*Problem description:*
Down to the last word, output the records below, skipping any images.

****

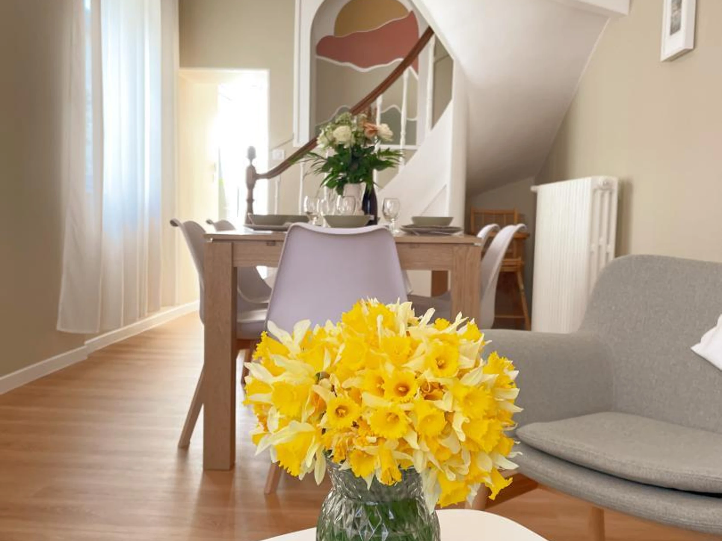 À l'extérieur : terrasse dans jardin clos sans vis-à-vis, barbecue. Parking privé (1 place) dans la cour et parking public sur la place en face de l'hébergement. Local annexe fermé pour stockage vélos ou matériel.
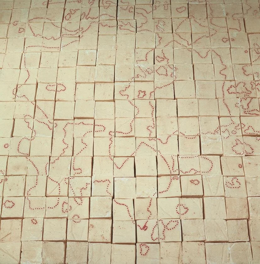 D’origine palestinienne et libanaise de naissance, la plasticienne britannique Mona Hatoum (1952-) articule sa pratique éclectique tant autour de son histoire personnelle, marquée par l'exil, la séparation et le déracinement, qu’autour de questions de société. L’instabilité géopolitique mondiale, l’errance, les conflits armés, l’enfermement, la surveillance, le féminisme sont autant de thématiques qui lui tiennent à cœur. Artiste pluridisciplinaire, elle se consacre principalement à la performance et à la vidéo au début de son parcours et s’intéresse, au fil des années, à la sculpture, à l’installation à grande échelle et aux œuvres sur papier. Elle fait feu de tout bois et utilise des matériaux industriels (fils de fer barbelés et grilles en métal, ressorts de matelas, brique, béton,bronze, verre), des objets du quotidien (ustensiles de cuisine, tapis, lits d’enfants) mais aussi ses propres cheveux et ses rognures d’ongles. Sa démarche est conceptuelle et l’esthétique de ses œuvres est minimaliste voire parfois surréaliste. « Le premier abord avec une œuvre d’art est d’ordre physique. J’aime que mon travail agisse à la fois sur les sens et sur l’intellect. Les significations, connotations et associations viennent après ce contact physique. C’est alors que fusent les idées et l’imagination » explique-t-elle.
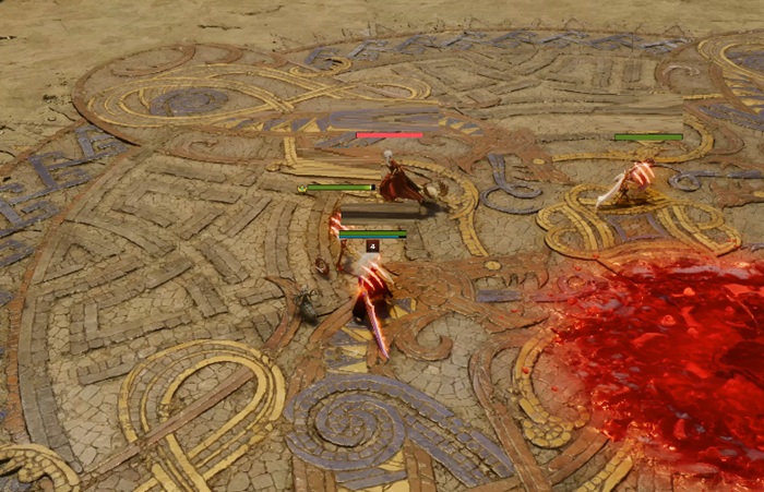 두 번째로 유의해야할 패턴은 파티원 1명 타겟 지속 피해 공격이다. 강령술사 두안카는 파티원 중 1명을 지목, 지속 피해를 주는 장판을 형성한다. 지목 당한 파티원은 이동 불가 상태가 되며, 지속 피해를 풀기 위해서는 모든 파티원이 범위 내에 진입해 함께 피해를 받아줘야 한다.
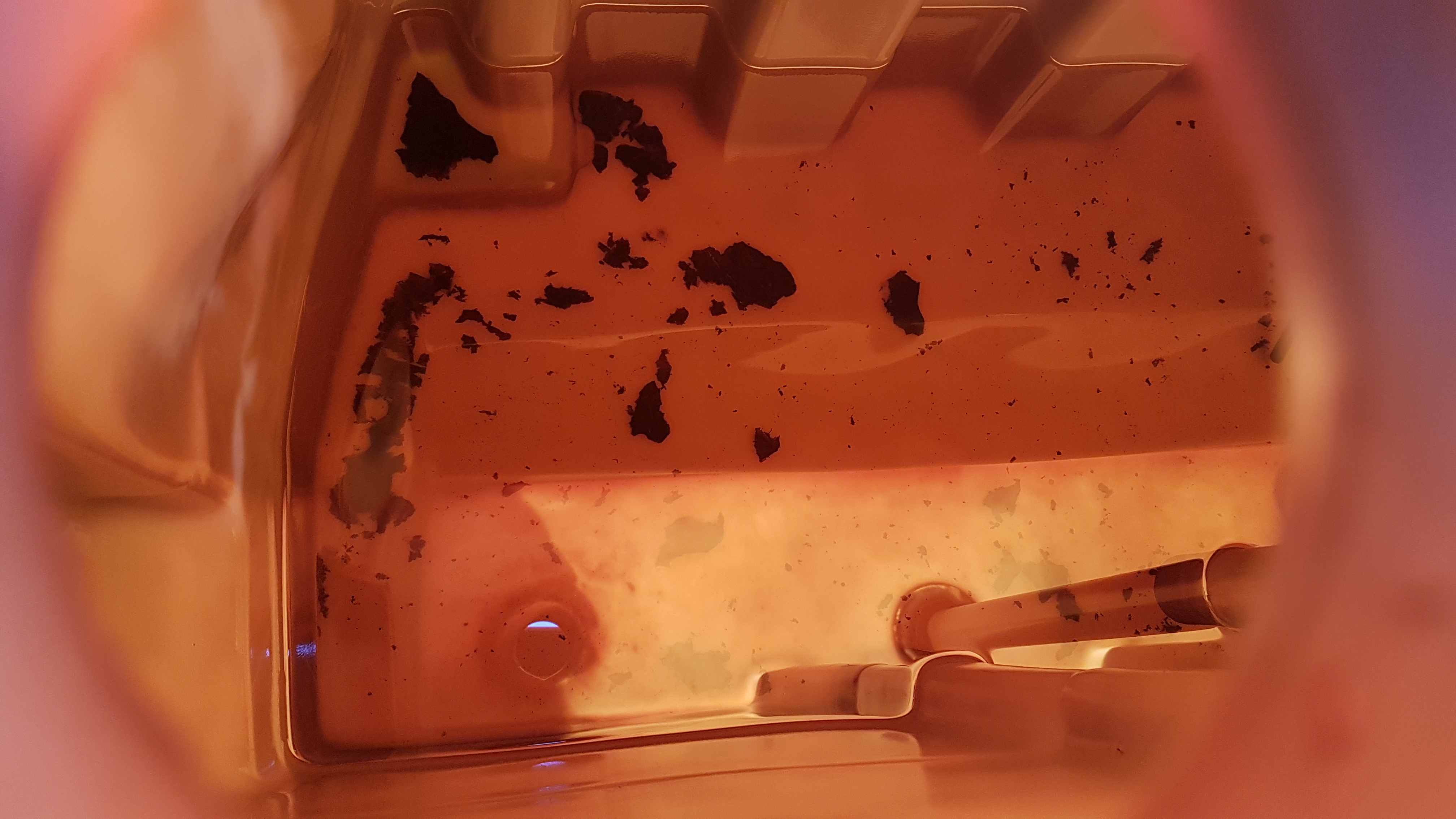 Allerdings bekam ich die klebrige Masse mit dem Hochdruckreiniger nicht raus. Nicht die Bohne. Ich hab alles durch die Öffnung für die Tankanzeige mit einer Messingleiste rausgekratzt, die man nimmt, um Teppiche Stoß auf Stoß zusammenzufügen. Dann gespült, gespült, gespült. Jetzt sind noch ein paar Tropfen Wasser drin. Die nehme ich in Kauf. Und regelmäßiger Grotamar-Einsatz wird mich davor schützen, von dem mit Biodiesel gepanschten Kraftstoff nicht mehr überrascht zu werden.
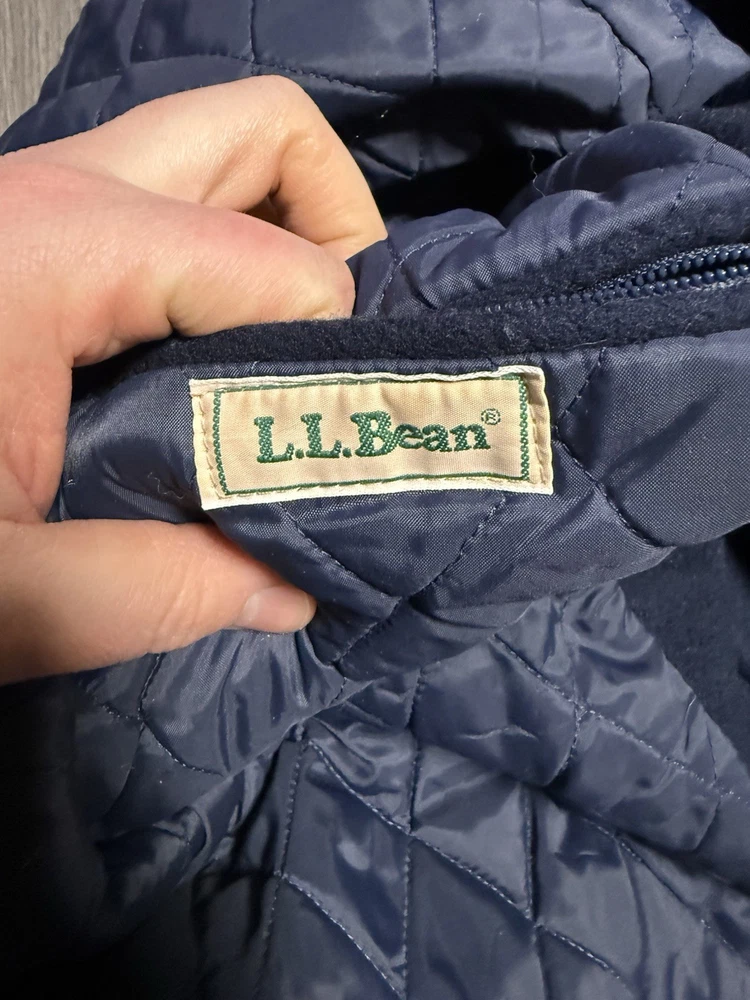This vintage LL Bean men's blue wool insulated sport coat blazer jacket in size XL Tall is a timeless piece with a solid pattern and mid-length design. Made with high-quality wool and featuring a button closure, this blazer is perfect for chilly days in style. The jacket also includes polyester insulation for added warmth, making it both practical and stylish. With a classic USA-themed design and crafted in the United States, this blazer is a must-have for any man looking for a rugged yet sophisticated outerwear option. See photo for flaws.
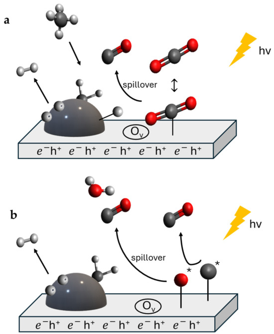 Simplified mechanism of PTC-DRM. (a) Activation of methane; (b) activation of carbon dioxide. The symbol * indicates the species adsorbed on the surface of the catalyst. Ov stands for oxygen vacancy.
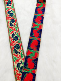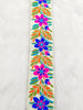 The embroidery on this trim is called Zardozi, an exclusive type of embroidery that is done by hand. Zardozi comes from two Persian words: zar or zarin meaning 'gold', and dozi meaning 'sewing'. Zardozi is a type of heavy and elaborate metal embroidery on a silk, satin, or velvet fabric base.

****

*Response below:*
 À l'extérieur : terrasse dans jardin clos sans vis-à-vis, barbecue. Parking privé (1 place) dans la cour et parking public sur la place en face de l'hébergement. Local annexe fermé pour stockage vélos ou matériel.
 D’origine palestinienne et libanaise de naissance, la plasticienne britannique Mona Hatoum (1952-) articule sa pratique éclectique tant autour de son histoire personnelle, marquée par l'exil, la séparation et le déracinement, qu’autour de questions de société. L’instabilité géopolitique mondiale, l’errance, les conflits armés, l’enfermement, la surveillance, le féminisme sont autant de thématiques qui lui tiennent à cœur. Artiste pluridisciplinaire, elle se consacre principalement à la performance et à la vidéo au début de son parcours et s’intéresse, au fil des années, à la sculpture, à l’installation à grande échelle et aux œuvres sur papier. Elle fait feu de tout bois et utilise des matériaux industriels (fils de fer barbelés et grilles en métal, ressorts de matelas, brique, béton,bronze, verre), des objets du quotidien (ustensiles de cuisine, tapis, lits d’enfants) mais aussi ses propres cheveux et ses rognures d’ongles. Sa démarche est conceptuelle et l’esthétique de ses œuvres est minimaliste voire parfois surréaliste. « Le premier abord avec une œuvre d’art est d’ordre physique. J’aime que mon travail agisse à la fois sur les sens et sur l’intellect. Les significations, connotations et associations viennent après ce contact physique. C’est alors que fusent les idées et l’imagination » explique-t-elle.
 두 번째로 유의해야할 패턴은 파티원 1명 타겟 지속 피해 공격이다. 강령술사 두안카는 파티원 중 1명을 지목, 지속 피해를 주는 장판을 형성한다. 지목 당한 파티원은 이동 불가 상태가 되며, 지속 피해를 풀기 위해서는 모든 파티원이 범위 내에 진입해 함께 피해를 받아줘야 한다.
 Allerdings bekam ich die klebrige Masse mit dem Hochdruckreiniger nicht raus. Nicht die Bohne. Ich hab alles durch die Öffnung für die Tankanzeige mit einer Messingleiste rausgekratzt, die man nimmt, um Teppiche Stoß auf Stoß zusammenzufügen. Dann gespült, gespült, gespült. Jetzt sind noch ein paar Tropfen Wasser drin. Die nehme ich in Kauf. Und regelmäßiger Grotamar-Einsatz wird mich davor schützen, von dem mit Biodiesel gepanschten Kraftstoff nicht mehr überrascht zu werden.
This vintage LL Bean men's blue wool insulated sport coat blazer jacket in size XL Tall is a timeless piece with a solid pattern and mid-length design. Made with high-quality wool and featuring a button closure, this blazer is perfect for chilly days in style. The jacket also includes polyester insulation for added warmth, making it both practical and stylish. With a classic USA-themed design and crafted in the United States, this blazer is a must-have for any man looking for a rugged yet sophisticated outerwear option. See photo for flaws.
 Simplified mechanism of PTC-DRM. (a) Activation of methane; (b) activation of carbon dioxide. The symbol * indicates the species adsorbed on the surface of the catalyst. Ov stands for oxygen vacancy.
 The embroidery on this trim is called Zardozi, an exclusive type of embroidery that is done by hand. Zardozi comes from two Persian words: zar or zarin meaning 'gold', and dozi meaning 'sewing'. Zardozi is a type of heavy and elaborate metal embroidery on a silk, satin, or velvet fabric base.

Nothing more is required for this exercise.